▶ [Data for the task]
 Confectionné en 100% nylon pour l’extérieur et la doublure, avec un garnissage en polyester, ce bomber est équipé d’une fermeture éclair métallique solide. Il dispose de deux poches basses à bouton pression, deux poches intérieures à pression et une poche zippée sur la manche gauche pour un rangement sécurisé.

==

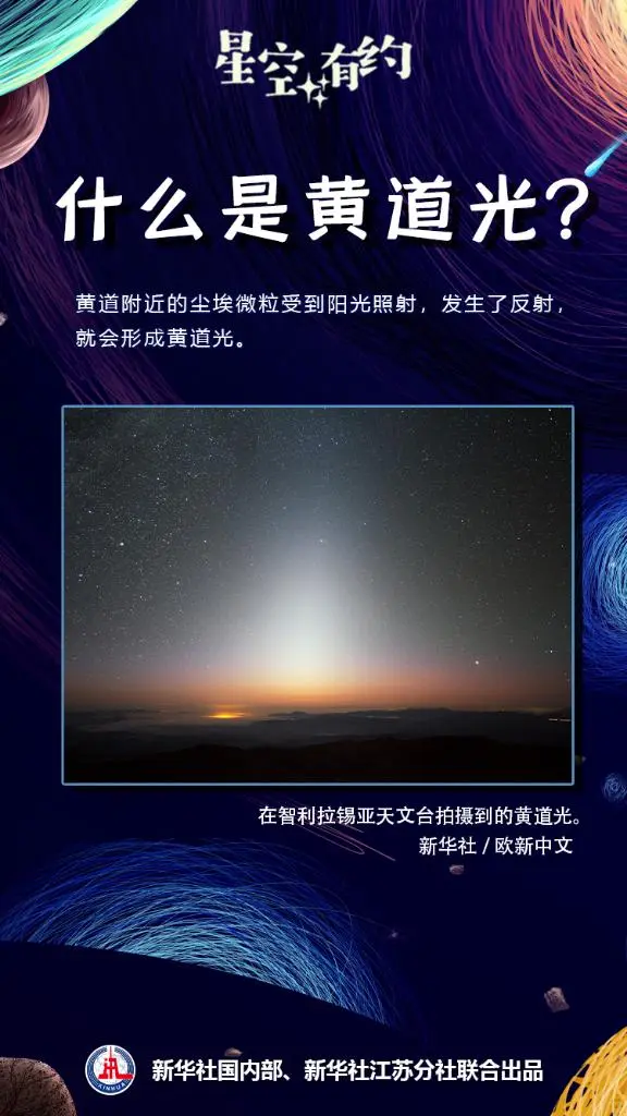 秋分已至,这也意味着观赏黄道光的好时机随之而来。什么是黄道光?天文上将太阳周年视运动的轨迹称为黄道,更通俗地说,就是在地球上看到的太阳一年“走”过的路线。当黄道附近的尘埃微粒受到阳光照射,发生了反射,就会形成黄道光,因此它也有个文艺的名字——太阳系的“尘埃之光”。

==

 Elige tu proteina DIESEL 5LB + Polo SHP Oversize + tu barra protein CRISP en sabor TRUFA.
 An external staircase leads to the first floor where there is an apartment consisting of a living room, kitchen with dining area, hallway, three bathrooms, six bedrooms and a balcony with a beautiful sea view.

▶ [Problem details] Print exactly the lines above from the one with "Elige tu proteina" to the one with "An external staircase", including both.

▶ [Task solution]
 Elige tu proteina DIESEL 5LB + Polo SHP Oversize + tu barra protein CRISP en sabor TRUFA.
 An external staircase leads to the first floor where there is an apartment consisting of a living room, kitchen with dining area, hallway, three bathrooms, six bedrooms and a balcony with a beautiful sea view.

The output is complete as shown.